I used qla initiator driver based on 2.6.23-8 which was modified to
support target mode and virtual port on AL topology.
The issue does not related to the target. As I wrote in other thread it
happens also when in one shell insmod'ing the driver and in other shell
rmmod'ing it.
My Oops is pointing as Andrew stated to the
qla24xx_report_id_acquisition() routine, because after loading the
driver I created vport, then rmmod'ing the driver without deleting the
vport. In that case interrupt comes to report about the deletion of the
vport, and request the dpc thread. So for sure we need to call
qla2xxx_wake_dpc() routine instead of calling wake_up_process() routine,
where we don't check the dpc_thread pointer.

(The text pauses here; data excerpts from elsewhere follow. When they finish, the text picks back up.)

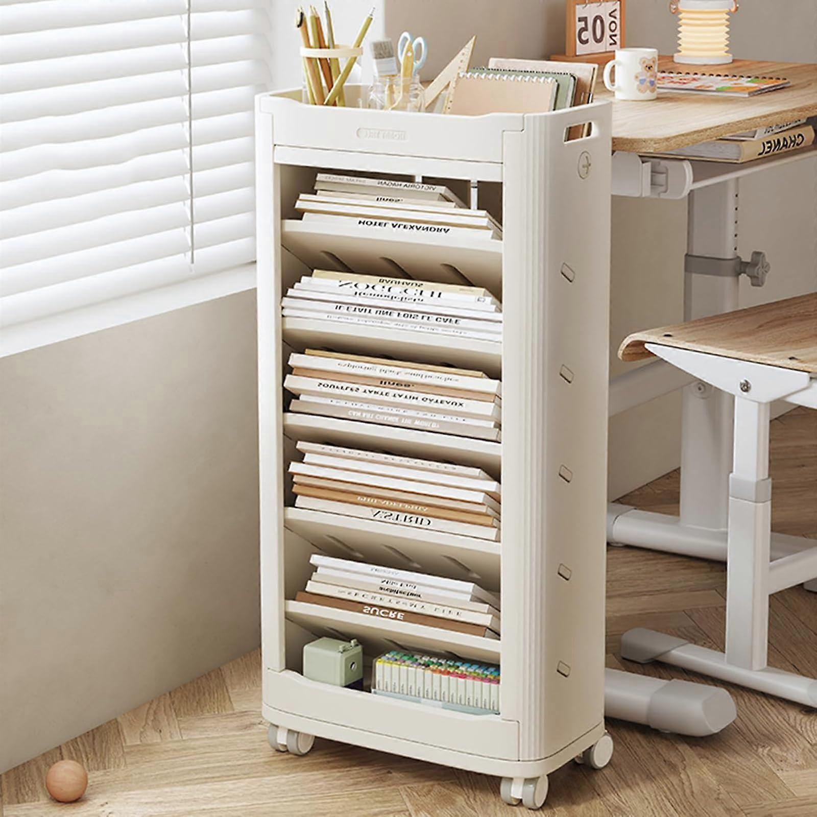 7Tier Slim Rolling Storage Cart Bookshelf with 360° Swivel Wheels and Stationery Organizer for Home Office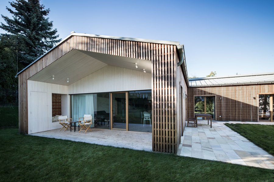 @Alice Geiger hat sich für senkrecht verschraubte Lamellen entschieden, die ihrem Haus optisch Höhe verleihen. Der Terrassenboden aus Holz fügt sich perfekt in die Gesamtkonstruktion ein, wirkt warm, einladend und gemütlich.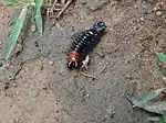 The larva has a flattened form, a large head capsule, and prominent mandibles.[1]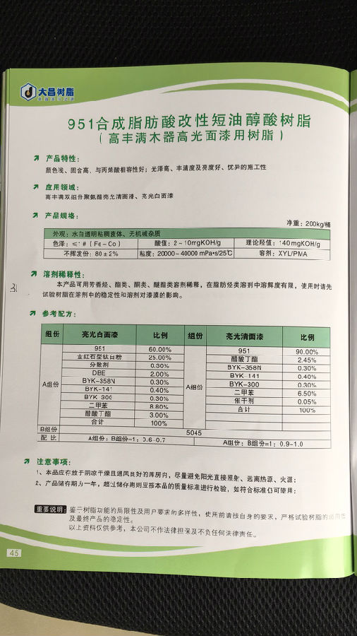 大昌树脂 951合成脂肪酸改性短油度醇酸树脂(高丰满木器高光面漆用树脂)

I am not sure this is enough but I can test it, because as I wrote again
in other thread, and Vlad quote here, if someone request wake up of the
dpc thread, check that it is not NULL, call to wake_up_process()
routine, and exactly at this point other task got the CPU, set the
pointer to NULL and stop the dpc thread, then we have a problem.

Below is the Oops with Vlad fix revision 470 in SCST with the addition
of the lock but without the change in qla_mbx.c.  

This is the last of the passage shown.